DOBBS: Thank you very much, Christine Romans.
On this side of the border, a group of illegal alien supporters decided to hold a protest and they wore masks of me at a protest they held in Milwaukee this week. What a charming fellow, don't you think? Saying the only way to be heard in the illegal immigration debate is if you are Lou Dobbs.
I hate to tell you, but the truth is we couldn't be heard in this debate for the longest time, even wearing that mask. The protesters rallying at the federal courthouse in Milwaukee. The leader of Voces de la Frontera says they wore the masks to draw attention to the problems facing illegal aliens in this country.
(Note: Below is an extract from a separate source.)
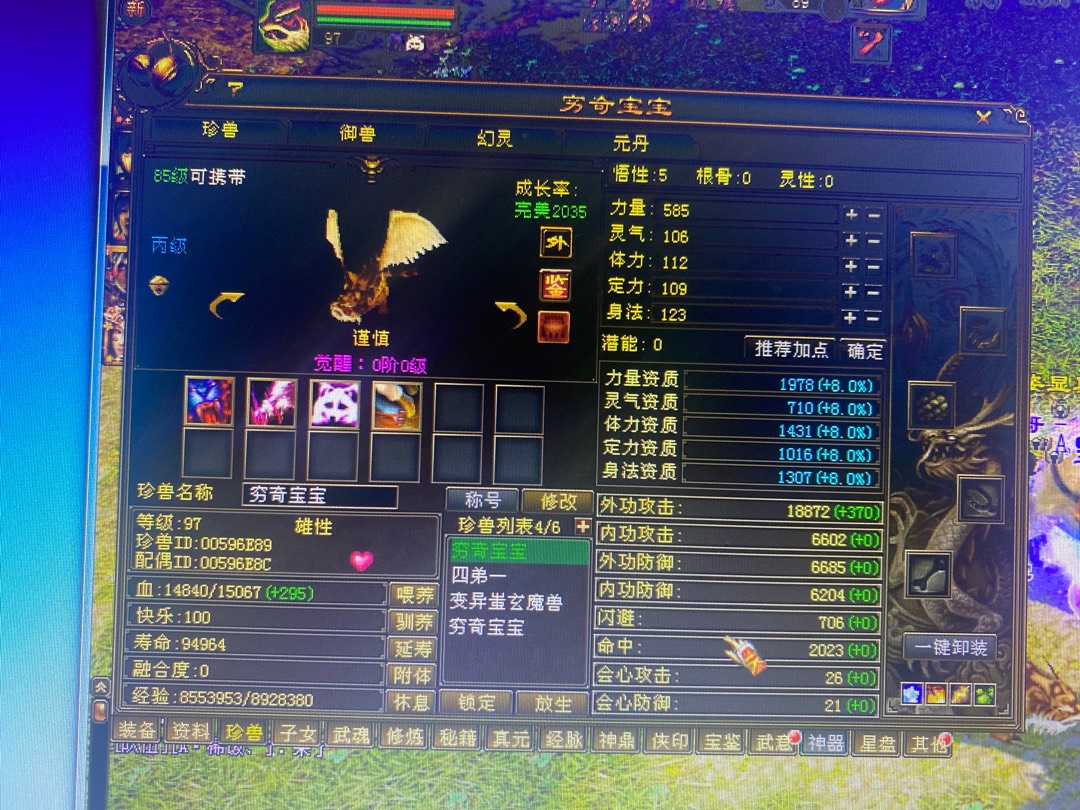 刚开始接触天龙,穷奇是我见过最炫的宝宝,大老虎插俩翅膀,如虎添翼名副其实,许久没玩,上来朋友也没少了,没事总得做点啥吧 刚好想到了就把这个梦一圆,希望能出个顶变高姿质 持续更新 ...

It's time now to -- after we talk about Iraq and illegal immigration and all of the issues confronting this country, the vacuum of leadership, we thought it would -- we'd ask a question a little differently in our poll. So here's our question this week. And we actually mean this quite sincerely. Do you believe America needs to just simply declare a countrywide time-out? Maybe have a national group hug? And just sit back and think about our future for at least a few weeks while all the politicians remain extremely quiet? Just shut the heck up? We wanted you to think about this question. We'd love to hear your answer. We'll have the results for you in Monday evening's broadcast. We hope you'll vote. We'd like to hear from you. Up next, seeking justice for Ramos and Compean. Congress takes action in the case of the former Border Patrol agents. The man who sent them to prison, prosecutor Johnny Sutton, is our guest. Is the government's case unraveling? Is it time for freedom? You better believe it.
And two powerful senators call on the president to do just that, the right thing. Stay with us.
(COMMERCIAL BREAK)
DOBBS: I've been calling for a congressional hearing into the prosecution of former Border Patrol agents Ignacio Ramos and Jose Compean for almost a year. They finally had their hearing on Capitol Hill this week. The two men were convicted last March of shooting and wounding an illegal alien drug smuggler they pursued in a high-speed chase. That drug smuggler given immunity by the Justice Department to testify against the two agents. Those agents now serving 11- and 12- year sentences in federal prison.
As Casey Wian now reports, the Senate Judiciary Committee had tough questions for the U.S. attorney who led the prosecution.
(BEGIN VIDEOTAPE)
SEN. DIANNE FEINSTEIN (D), CALIFORNIA: That will be included in the record.
CASEY WIAN, CNN CORRESPONDENT (voice-over): It was standing room only for a Senate hearing into the Bush administration's prosecution of two Border Patrol agents for shooting and wounding a Mexican drug smuggler. Ignacio Ramos and Jose Compean have already served six months of 11- and 12-year terms for the 2005 Texas border shooting.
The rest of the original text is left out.